> Problem to work on:
Restate word for word the entries below, starting at the line with "The update from" and ending at the line with "Quatre couverts à". Keep both end lines and omit the pictures.

======

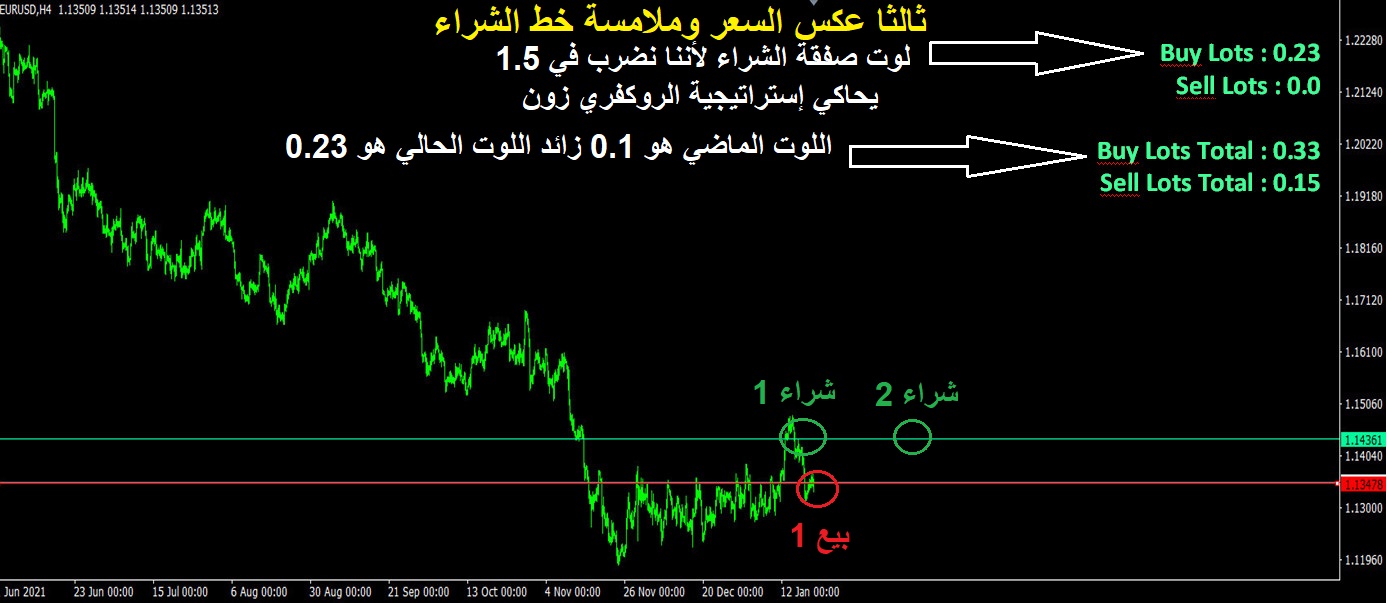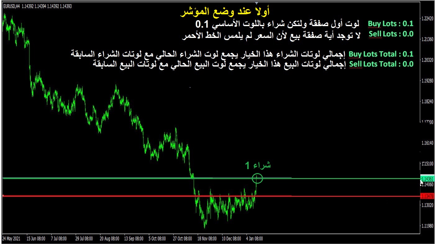 الخط الأول يمثل صفقة شراء أولى وبالتالي يكون الخط على السعر الحالي والذي ستفتح عنده صفقات الشراء الوهمية
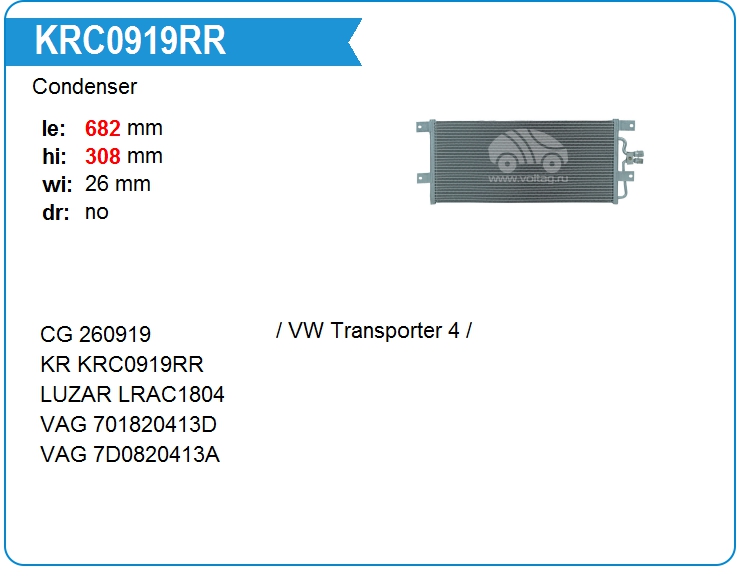 Радиатор кондиционера KRC0919
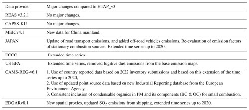 The update from HTAP_v3 to HTAP_v3.2 also provides the opportunity to respond to feedback from users of the original HTAP_v3 data, including the improvement of the regional datasets. These updates are described below. Major changes within each data source compared to HTAP_v3 are summarized in Table 5.
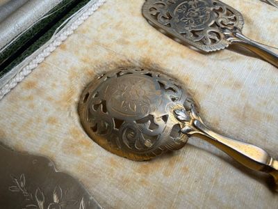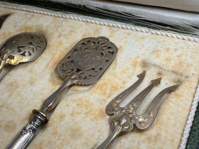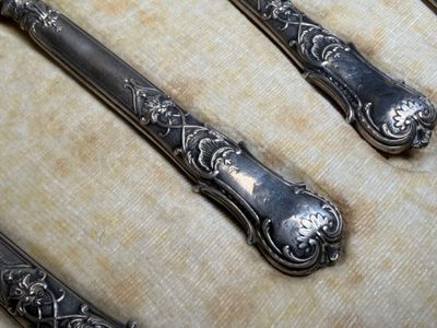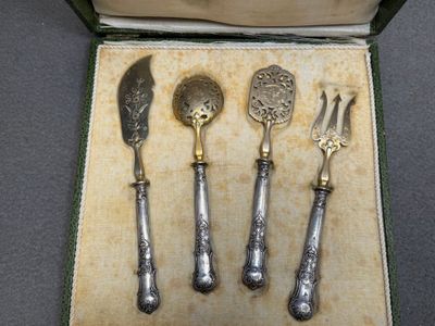 Quatre couverts à mignardise en métal argenté et argent four…
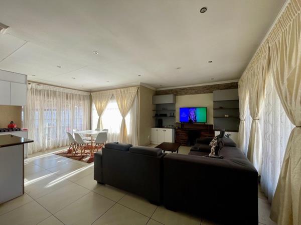 Featuring a neat and functional kitchen, a comfortable lounge, and a dining room perfect for family meals and entertaining. The bedrooms are generously sized and include built-in cupboards, while the main bedroom boasts an en-suite bathroom for added convenience. A second full bathroom serves the rest of the home.
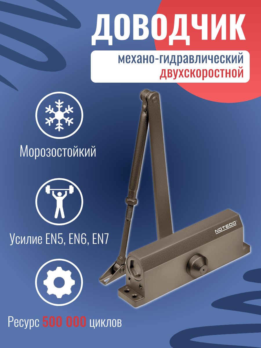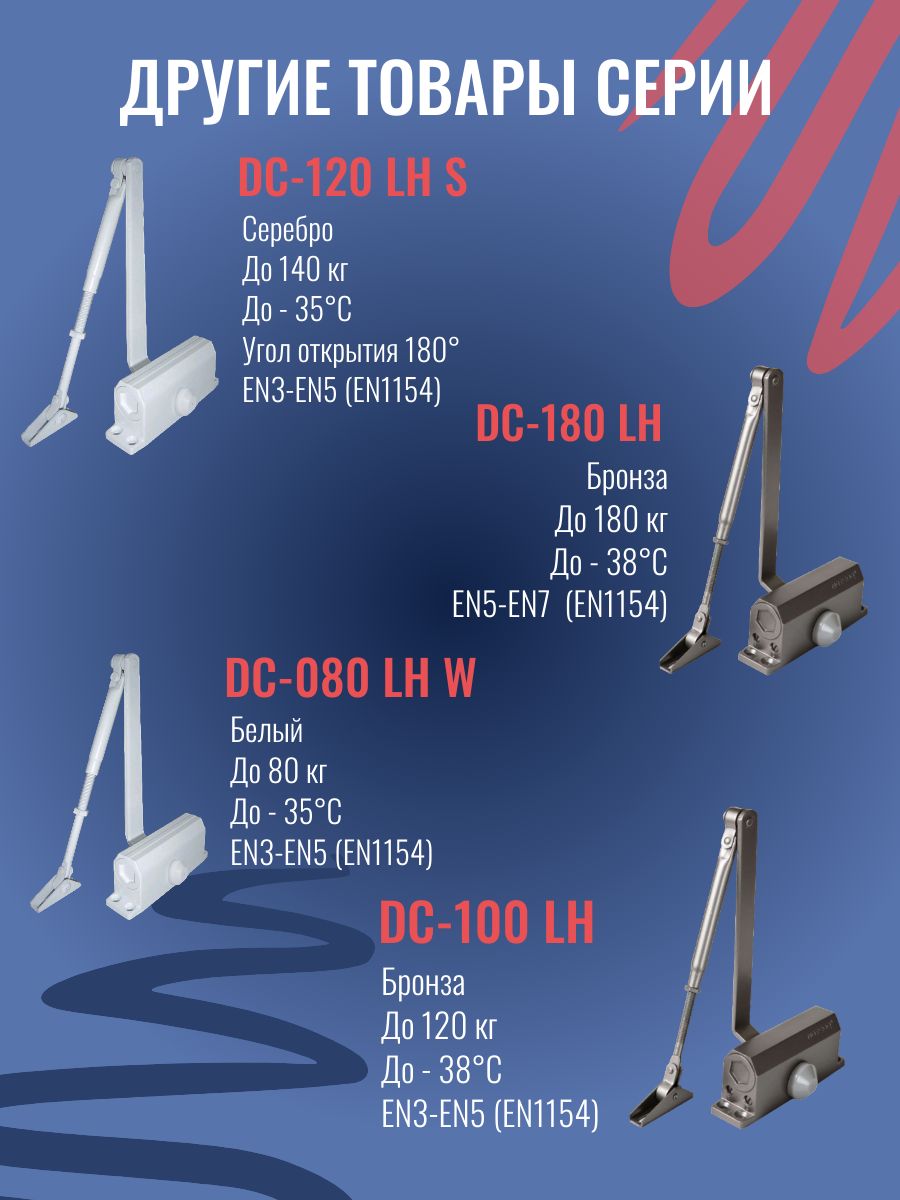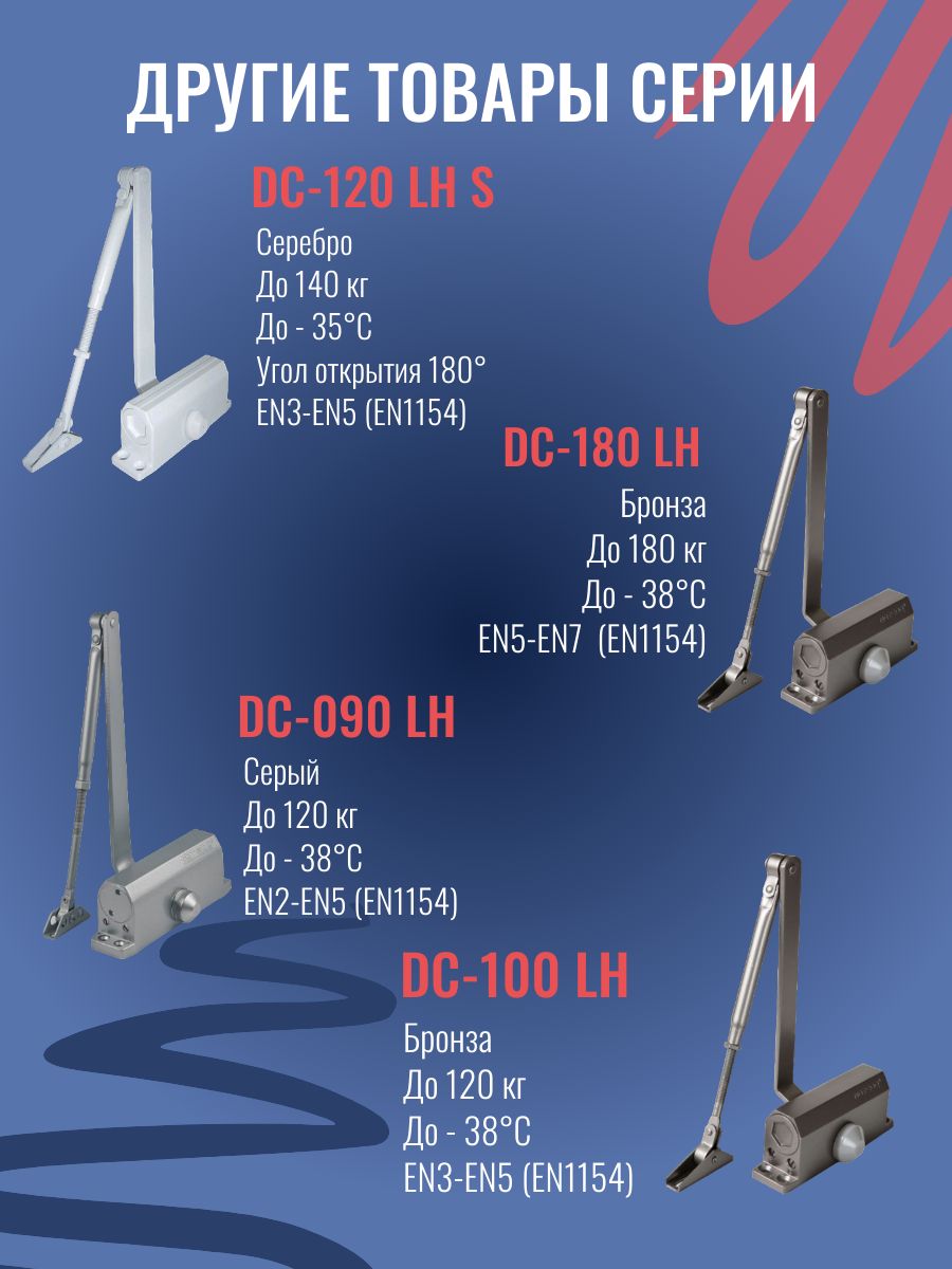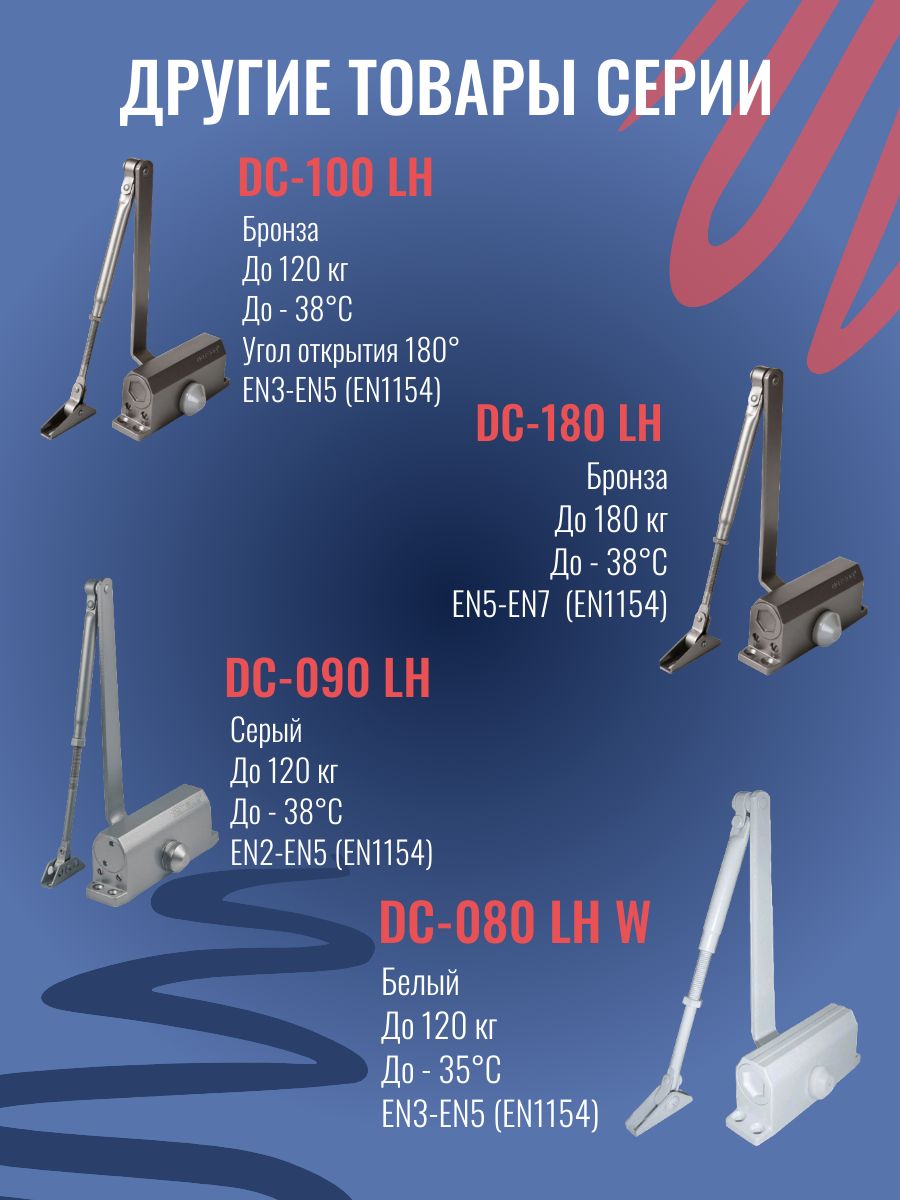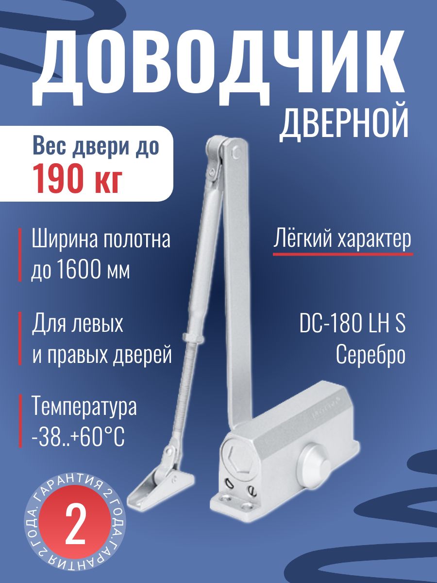 Доводчик NOTEDO DC-180 LH B предназначен для автоматической плавной регулировки закрывания тяжелых дверей массой до 190 кг, ширина дверного полотна — до 1600 мм.

======

> Written response:
 The update from HTAP_v3 to HTAP_v3.2 also provides the opportunity to respond to feedback from users of the original HTAP_v3 data, including the improvement of the regional datasets. These updates are described below. Major changes within each data source compared to HTAP_v3 are summarized in Table 5.
 Quatre couverts à mignardise en métal argenté et argent four…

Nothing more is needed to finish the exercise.